PROBLEM REQUIREMENTS » Take the line that contains "Embrace aging with" and each line after it to the end of the material below, and return them exactly, minus the pictures.

──────── DATASET CONTENT

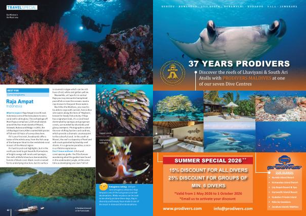 Much like the Maldives, you need to be able to cope with current, hence dive site names along the lines of‘ Mayhem’, known for heady fish activity. If Raja has a signature look, it’ s a coral head dominated by sponges and gorgonian corals, surrounded by silversides and glassy sweepers. Photographers adore the ever-shifting fusiliers and sardines, which provide a dramatic counterpoint to the colourful coral. In the south at Misool, the reef is a tapestry of hard and soft corals patrolled by blacktip reef sharks. It is a genuine paradise, a oncein-a-lifetime experience. Don’ t leave without: A fish and coral species guide. You’ ll be forever wondering what the guides have found in this underwater jungle, at the same time as developing your own‘ hit list’.
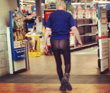 I would not want to see this guy from the front! What the heck? Who said men are allowed to wear women's pantyhose? Somebody get this man some pants!
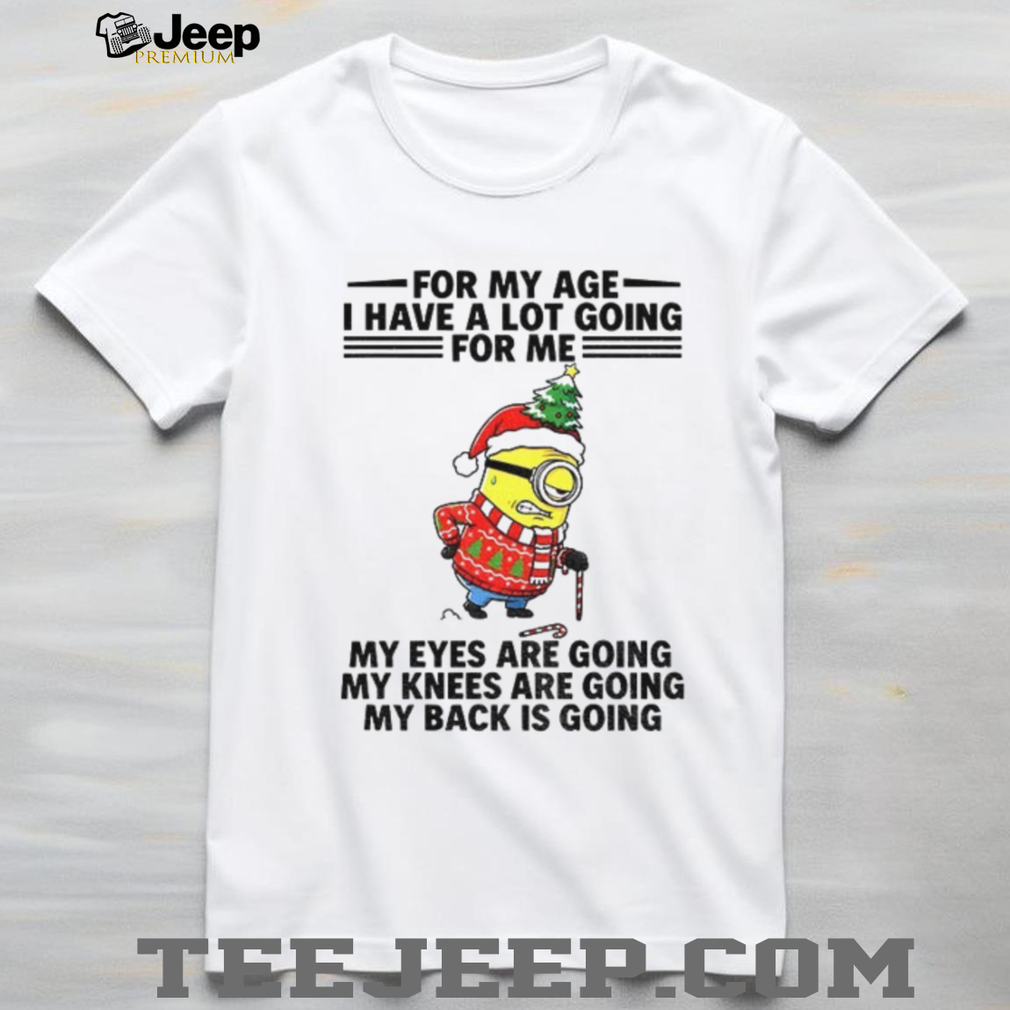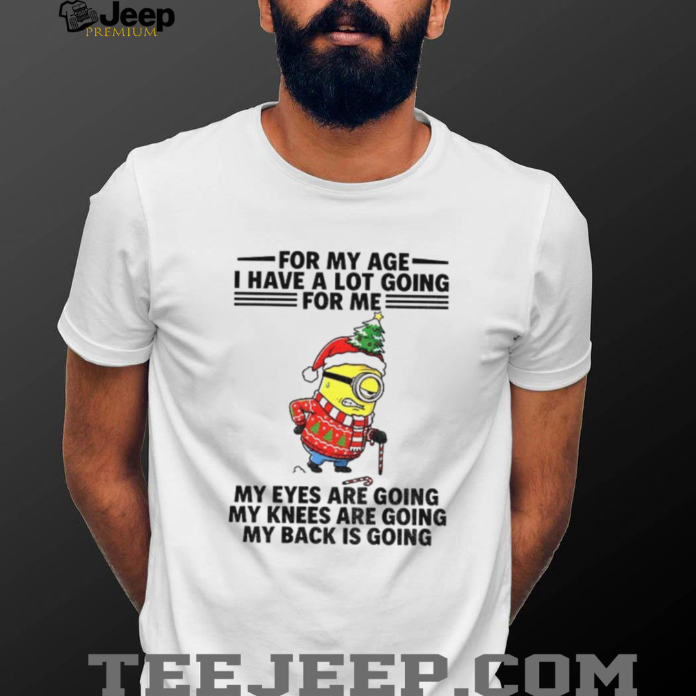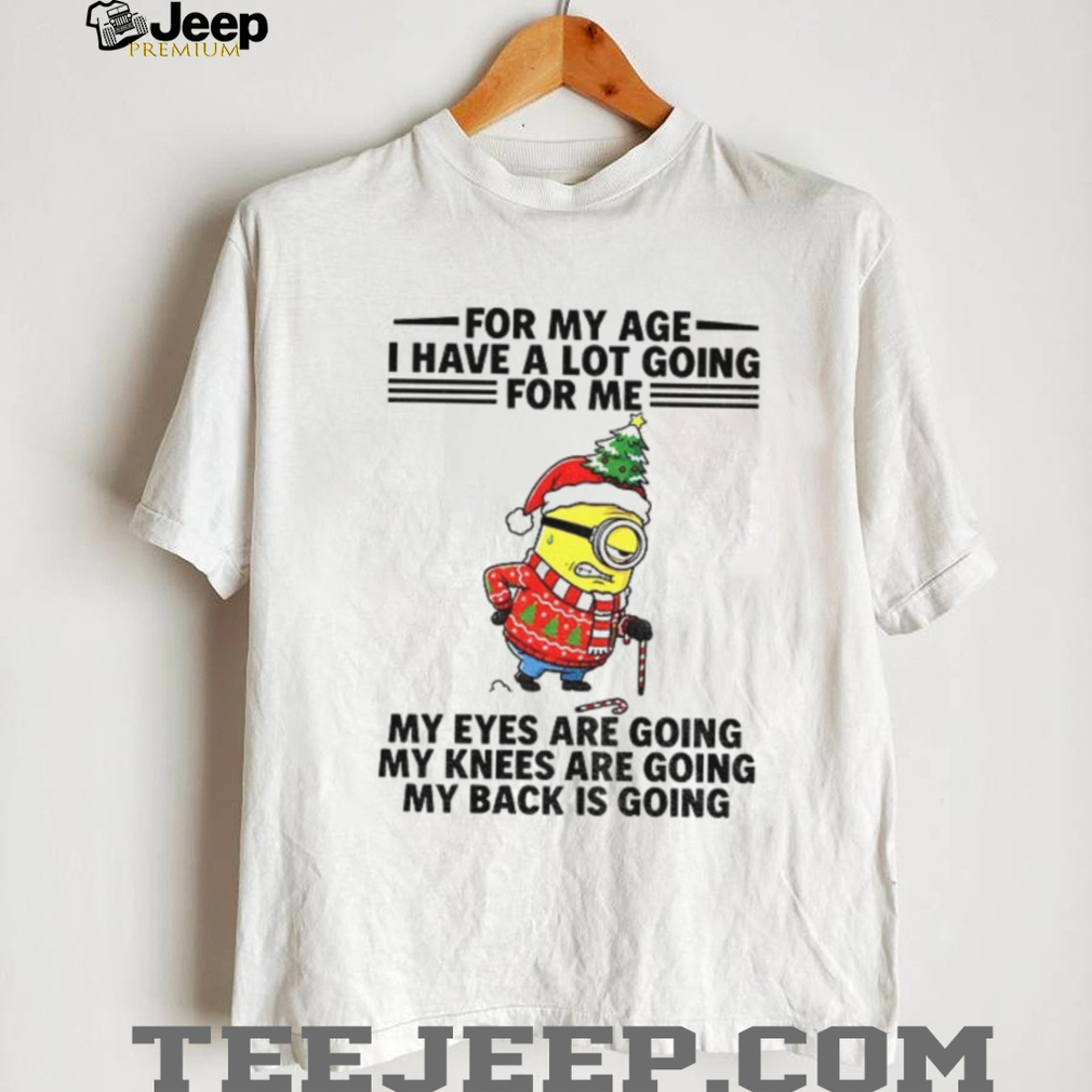 Embrace aging with laughter in this “Minion for my age” Christmas shirt! A humorous take on getting older, this shirt features a relatable Minion with failing eyes and knees. Perfect for seniors with a sense of humor during the festive season!
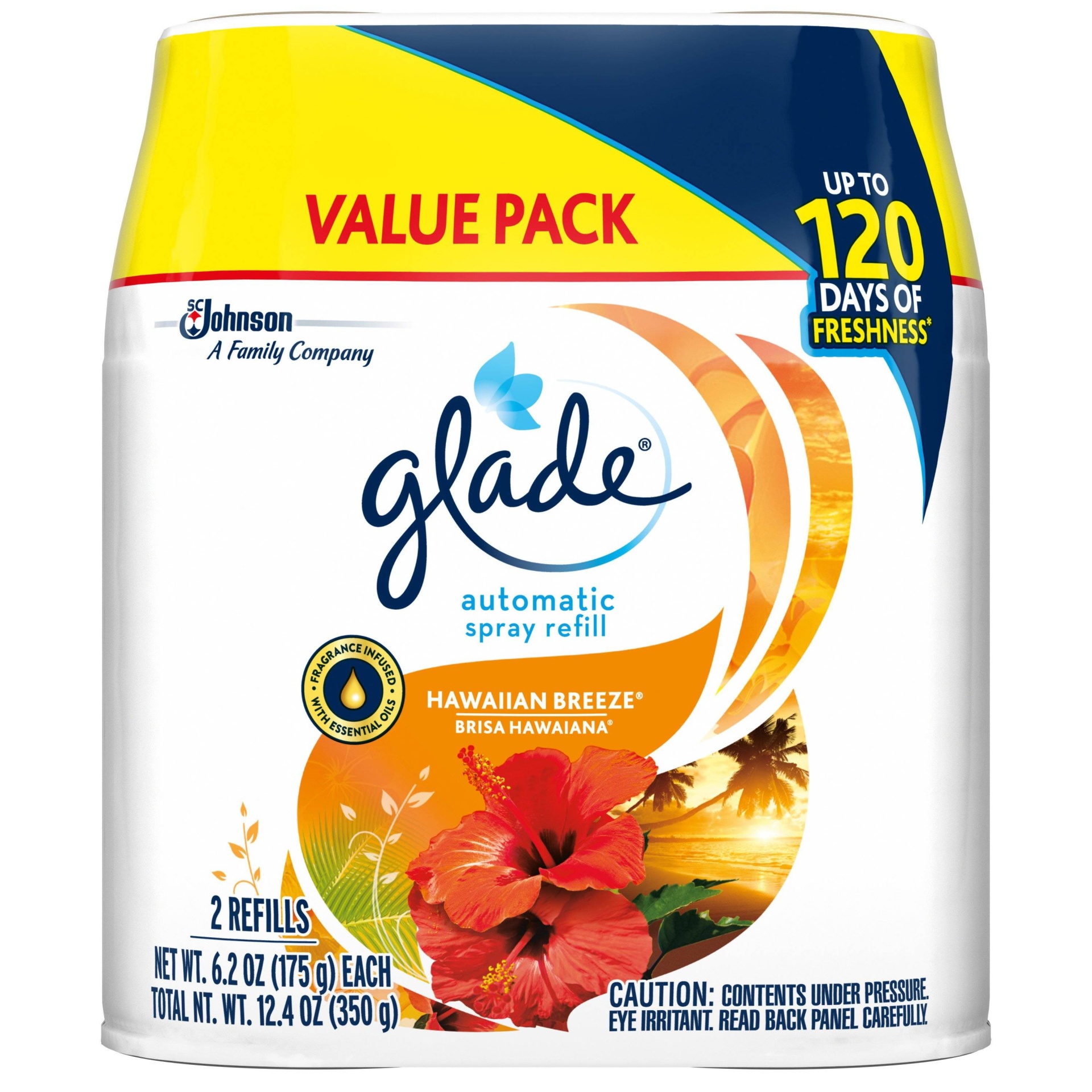 Freshen your room with the tropical scent of pineapple and citrus with the Hawaiian Breeze Automatic Spray Refill from Glade. This pack of two automatic air freshener refills will fill your home with …

────────────────

RESULT OF THE TASK »
 Embrace aging with laughter in this “Minion for my age” Christmas shirt! A humorous take on getting older, this shirt features a relatable Minion with failing eyes and knees. Perfect for seniors with a sense of humor during the festive season!
 Freshen your room with the tropical scent of pineapple and citrus with the Hawaiian Breeze Automatic Spray Refill from Glade. This pack of two automatic air freshener refills will fill your home with …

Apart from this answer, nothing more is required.